Thursday, October 2, 2008

Collaborative vs. Cooperative Groups

Recently, I heard it said that when you collaborate, the group result is smarter than the smartest member. And to me that’s a pretty good reason to collaborate! When each member of the group brings with him/her a different set of experiences and is willing to contribute ideas and respectfully consider others’ thoughts, the stage is set. Then, when there ensues discussion of the ideas, debate, questions, clarifications, and building upon the initial ideas, it becomes a collaboration. The group agrees upon a course of action and then writes, edits and revises the final report. The result of a successful group collaboration is more robust, more complex, and more complete than what one member would have been able to produce.

Cooperative group work, on the other hand, lacks the same degree of social interaction, the evolution of ideas, the construction of knowledge. The cooperative group cuts the task into pieces, farms out the work to members, and each member goes off and does their task, and somehow at the end they cobble the pieces back together.

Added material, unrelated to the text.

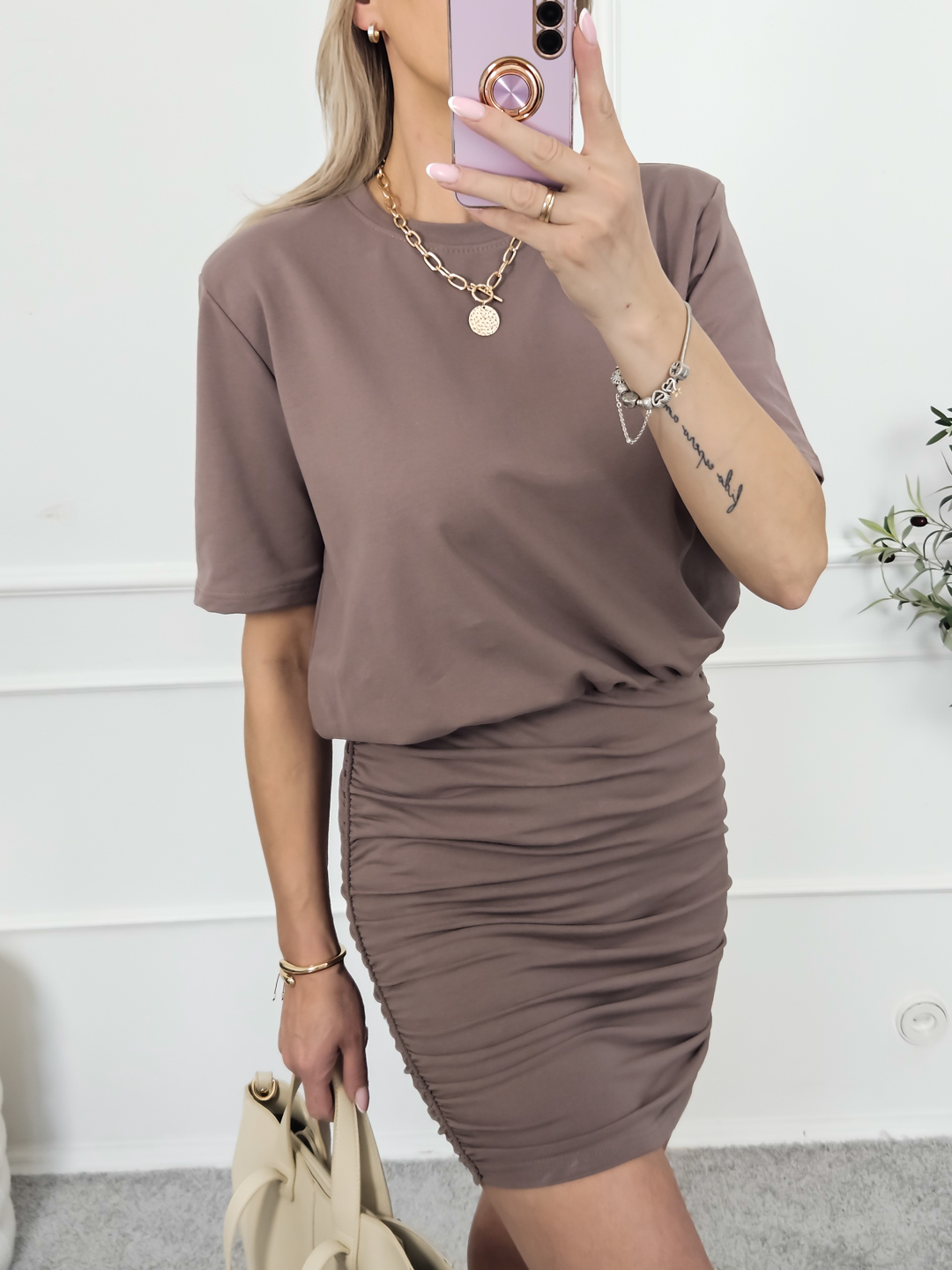 Sukienka wykonana z dresówki - model elastyczny , posiada poduszki na ramionach , drapowania- dzięki czemu ukryjesz niedoskonałości.

Our group strove to follow the collaborative approach. We met in Palace three times and used the discussion forum and wiki. We emailed a lot - sharing ideas and revising versions of the text. I felt that during this exercise I learned about the learning process and learned new approaches to teaching and preparing lessons from my team members.

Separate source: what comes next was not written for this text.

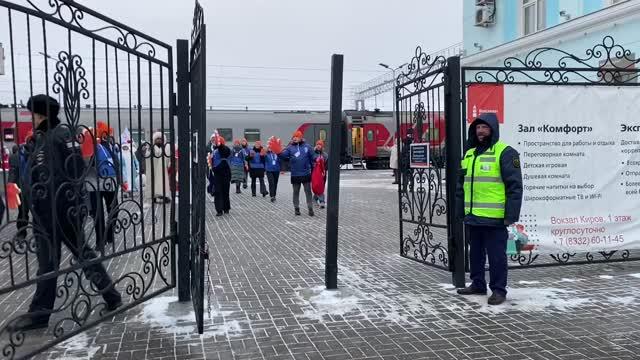 На железнодорожном вокзале гостей встретили большим вятским караваем, испеченным по старинным народным рецептам, вятский Дед Мороз, Васнецовская Снегурочка и волонтеры Новогодней столицы России. Послов гостеприимства приветствовала музыкальная группа - гармонисты братья Мохины и солистка Кристина Калабина. Для представителей российских регионов они исполнили народные песни и новогодние композиции.

Our group idea was that Janice would do an interdisciplinary, technology-infused unit on the presidential election using constructivist principles. Within this unit students would do various individual and group activities including Internet research on the presidential and vice-presidential candidates, participate in an on-line kids election and online computer election simulations, write blogs, create a class wiki, devise campaign slogans and signs and create a brief campaign video. For the culminating project, Janice would facilitate a debate with students taking the roles of the candidates.

1 comment:

Unknown said...

DaphneG1 Collaborative vs Cooperative Groups

From reading the blog on collaborative vs cooperative groups, I discern that collaborative groups are the way to go. Karen Amster states that collaborative groups are more "robust, more complex and more complete than what one member would have been able to complete". I would agree with this since collaborative is defined as all processes which involve the work of several people as a whole, and produces a feeling of enrichment, respect, and solidarity. It's everyone's responsibility.
Whereas, cooperative refers to learning, but more in the form of a group presentation. While this is similar to collaboration, it is as Devonee Gram and Karen Amster state "states that the cooperative group "farms out the work to members, and each member goes off and does their task, and somehow at the end they cobble the pieces back together".